SINGAPORE - He was promised a free bumper for his car but what work safety and health officer Ariffin MD Rais got instead was a jail term for allowing his car to be used in a staged road accident.
On Thursday, the 46-year-old pleaded guilty to his involvement in a conspiracy to cheat NTUC Income Insurance Co-operative of $13,000 by submitting a fraudulent property damage claim to his vehicle.
He was jailed for 18 weeks for his role in the scam.
On July 27, 2009, a stranger had approached Ariffin in a coffee shop near Sembawang Road, after noticing Ariffin's car bumper was damaged.
The man named Bhai, offered to repair Ariffin's car for free if Arifin would allow his car to be used in a staged accident.
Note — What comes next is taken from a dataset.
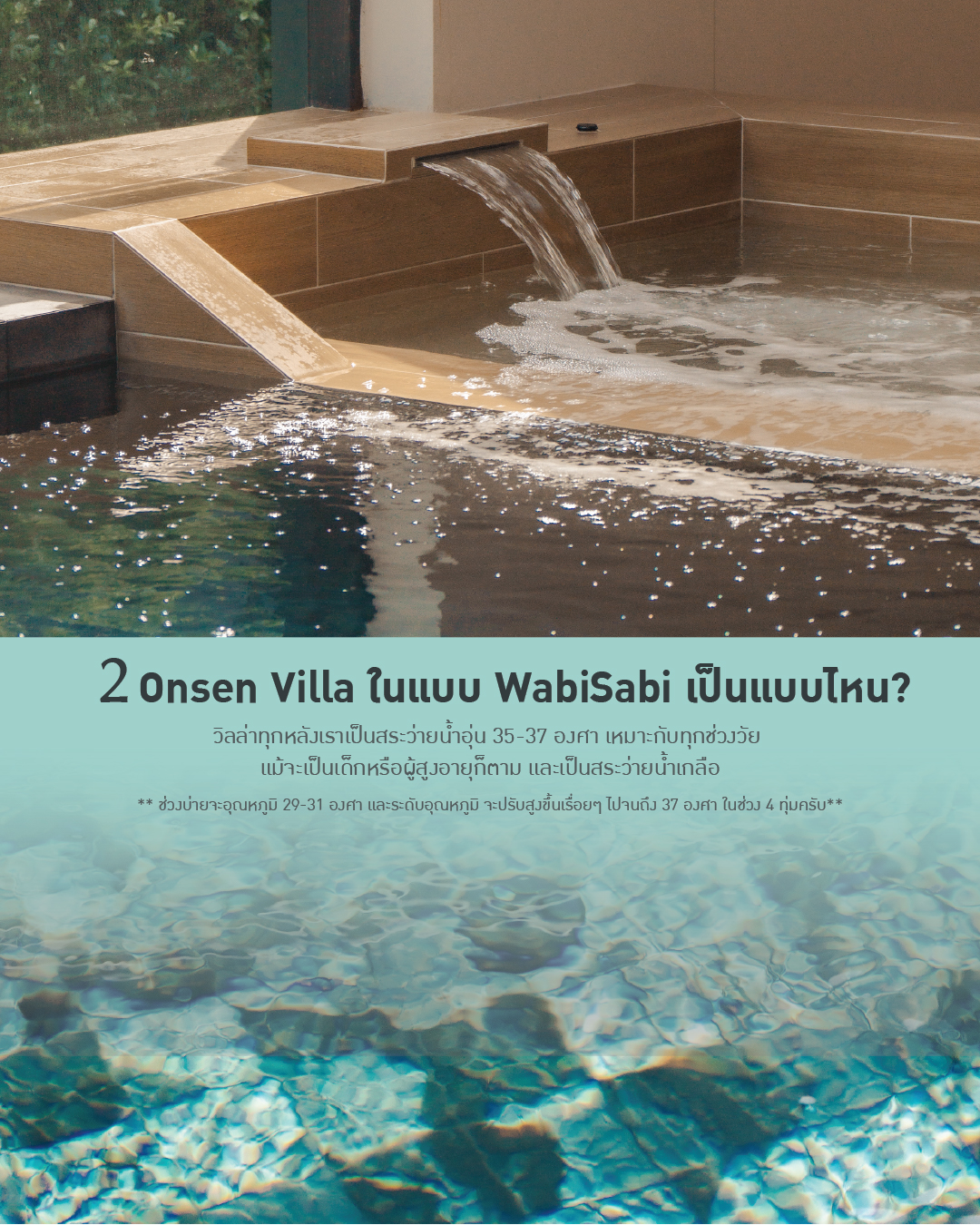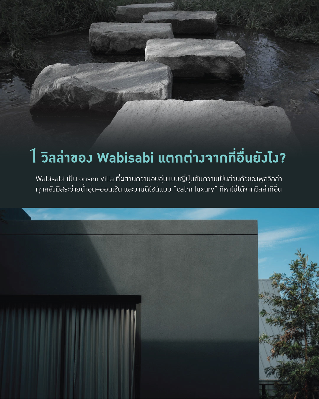 >> Wabisabi เป็น onsen villa ที่ผสมผสานความอบอุ่นแบบญี่ปุ่นกับความเป็นส่วนตัวของพูลวิลล่า ทุกหลังมีสระว่ายน้ำอุ่น-ออนเซ็น และงานดีไซน์แบบ “calm luxury” ที่หาไม่ได้จากวิลล่าอื่น

Bhai, whose identity has not been established, also offered Ariffin cash if he would agree to make a personal injury claim.
Ariffin rejected the cash offer but greed got the better of him and he returned to the coffee shop later that evening to hand over his car to Bhai.
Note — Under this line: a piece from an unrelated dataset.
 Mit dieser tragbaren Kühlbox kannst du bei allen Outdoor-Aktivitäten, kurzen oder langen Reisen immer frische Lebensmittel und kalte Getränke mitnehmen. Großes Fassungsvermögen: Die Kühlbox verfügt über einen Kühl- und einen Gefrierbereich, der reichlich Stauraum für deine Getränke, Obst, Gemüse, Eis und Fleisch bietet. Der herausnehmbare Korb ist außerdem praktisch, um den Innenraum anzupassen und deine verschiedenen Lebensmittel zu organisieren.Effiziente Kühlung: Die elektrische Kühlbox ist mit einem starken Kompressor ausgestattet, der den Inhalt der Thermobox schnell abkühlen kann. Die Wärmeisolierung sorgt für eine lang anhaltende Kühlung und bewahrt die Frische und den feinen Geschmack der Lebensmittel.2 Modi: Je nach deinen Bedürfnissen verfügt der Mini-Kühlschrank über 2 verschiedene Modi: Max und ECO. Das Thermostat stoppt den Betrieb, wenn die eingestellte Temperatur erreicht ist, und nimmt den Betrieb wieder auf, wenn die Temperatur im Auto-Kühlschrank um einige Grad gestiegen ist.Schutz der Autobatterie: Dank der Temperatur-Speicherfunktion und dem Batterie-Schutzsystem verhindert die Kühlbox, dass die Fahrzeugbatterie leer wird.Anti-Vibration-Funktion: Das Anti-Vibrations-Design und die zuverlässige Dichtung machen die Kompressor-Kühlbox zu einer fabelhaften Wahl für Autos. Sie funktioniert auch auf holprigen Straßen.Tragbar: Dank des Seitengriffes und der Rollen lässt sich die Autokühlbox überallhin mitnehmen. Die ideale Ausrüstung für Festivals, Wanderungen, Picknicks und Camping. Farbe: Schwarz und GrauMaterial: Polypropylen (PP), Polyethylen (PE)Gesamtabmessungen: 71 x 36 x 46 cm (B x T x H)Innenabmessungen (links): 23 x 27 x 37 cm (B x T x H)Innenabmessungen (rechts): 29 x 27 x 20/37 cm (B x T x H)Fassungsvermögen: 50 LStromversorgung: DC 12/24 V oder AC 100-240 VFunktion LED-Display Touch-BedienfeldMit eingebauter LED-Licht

Ariffin's car was one of four vehicles involved in the accident along Sembawang Drive at about 11pm on July 27, 2009.
Various people were recruited in the scam to be "phantom drivers" and "phantom passengers". Their role was to falsely report that they were involved in the accident.
The fake passengers had an additional job - make fraudulent injury claims to insurers.
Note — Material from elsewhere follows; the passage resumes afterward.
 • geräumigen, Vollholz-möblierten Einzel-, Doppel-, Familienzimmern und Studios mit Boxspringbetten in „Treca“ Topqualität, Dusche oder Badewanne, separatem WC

Ariffin is the fifth of nine people allegedly involved in the accident to be convicted.
Deputy Public Prosecutor Joshua Lai had sought a custodial sentence of at least five months, arguing that for cases of motor insurance fraud, deterrence is the predominant sentencing consideration.
DPP Lai said that such offences are difficult to detect and involve multiple layers of deception.
The accused's role in providing his vehicle for the staged accident makes him more culpable than a phantom driver or passenger who merely furnishes his particulars in the accident statement form, DPP Lai told the court.
But defence lawyer Michael Chia argued that Ariffin's role was a minor one in the scam, as he was a "mere pawn" and "far from being the controlling mind".
Mr Chia added that Ariffin did not receive any money from the scheme.
He had also, out of "genuine remorse", made a restitution of $8,000 to NTUC Income, which is more than the price of a new bumper.
In response, DPP Lai said that if Ariffin had accepted cash, that would have led to more charges.
In his sentencing, District Judge Shawn Ho agreed with the prosecution that Ariffin's culpability is higher than co-accused persons who are phantom drivers and passengers.
The 18 weeks of imprisonment for Ariffin is the longest sentence among the five convicted, who had been served with jail terms of between six weeks and four months.